First, while rules can never prevent GM dickery outright, they can in some cases reduce it. For example, open rolling doesn't let the GM declare whatever number he wants and certain abilities (such as Divination, No Save attacks, and very high numbers) are harder for the GM to ignore without being called out, as opposed to spells granting saves (the monsters might just all "roll well").

Second, I don't understand the advice given by fectin (and others, other times and boards) that if a rule cannot be found immediately, the matter should be resolved after the session. Assuming that it is known that a relevant rule exists, why wait? Is the system you're using so byzantine that it takes more than a minute or two to resolve any given issue?
1. you also have the problem of DM being unable to save you, and if they do it feels pointless when the DM does get those hellish rolls, where he doesnt want a TPK, but open rolling means the dice fall where they may.

2. a DMs job is to keep the game going. trough 3.0 the DMG said the DM should try to not break the game for ANYTHING unless really needed, such as rea life type things, as breaking the game for rules look up can often lose the pace or the situation and be hard to get back into that groove once the thing is looked up.

it is always good to discuss the game afterwards to handle any ideas and thoughts about it anyway.

-refresher beforehand to get people back in the mood
-the game itself
-then summary of events and discussion.

no need to have the discussion in all 3 parts.

also if someone REALLY needs to look it up, then an inactive player can do so during if it will be needed again soon.

the may thing to do is for the session keep consistent. again looking it up after, means you dont have to retcon something if you switch mid-stream of the game.

but yes, people should be familiar with where things are and what they are for their own character, so looking up a rule during game shouldnt be done often. know your character well enough to play it.

Posted: Tue Sep 13, 2011 3:08 pm
by fbmf
shadzar wrote:
but yes, people should be familiar with where things are and what they are for their own character, so looking up a rule during game shouldnt be done often. know your character well enough to play it.
Wait, are you suggesting players should be familiar with the ru-uh, I mean guidelines of D&D?

Who are you?
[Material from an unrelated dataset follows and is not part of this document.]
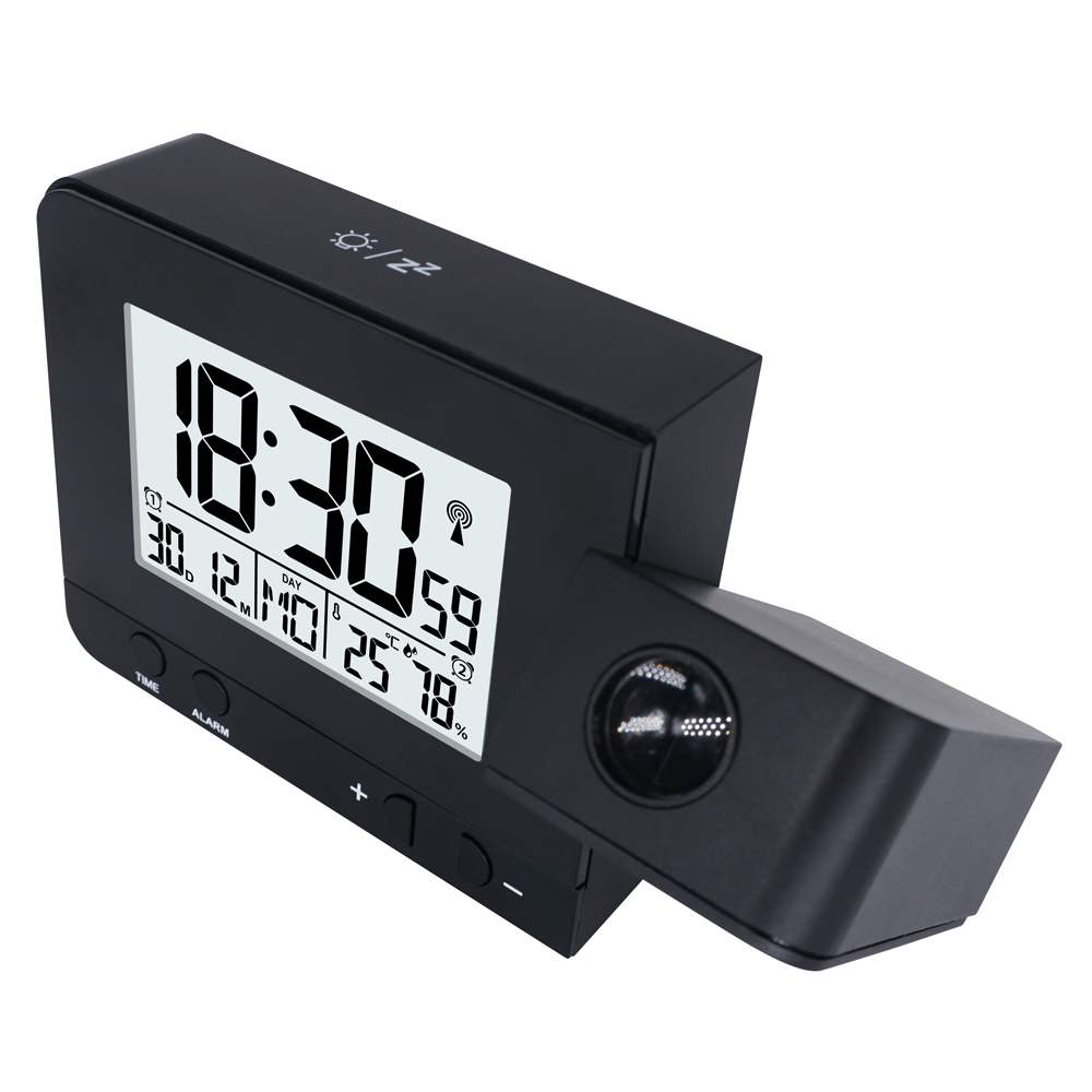 1. All-in-one Functions ----- Wireless projection alarm clock with indoor temperature and humidity display; Temperature and time projection with ON or OFF button; 1 USB charger port; 2 alarm and snooze functions; Calendar with 7 language selection; Time in 12/24 format; 4-level backlight selectable with power supply.

What have you done with shadzar?

Game On,
fbmf

Posted: Tue Sep 13, 2011 3:10 pm
by Wrathzog
Hieronymous Rex wrote:Second, I don't understand the advice given by fectin (and others, other times and boards) that if a rule cannot be found immediately, the matter should be resolved after the session. Assuming that it is known that a relevant rule exists, why wait? Is the system you're using so byzantine that it takes more than a minute or two to resolve any given issue?
A well written rule is going to quickly squelch any argument and play can continue. A Badly Written rule just exacerbates any conflict and that's the sort of thing that should wait until post-session.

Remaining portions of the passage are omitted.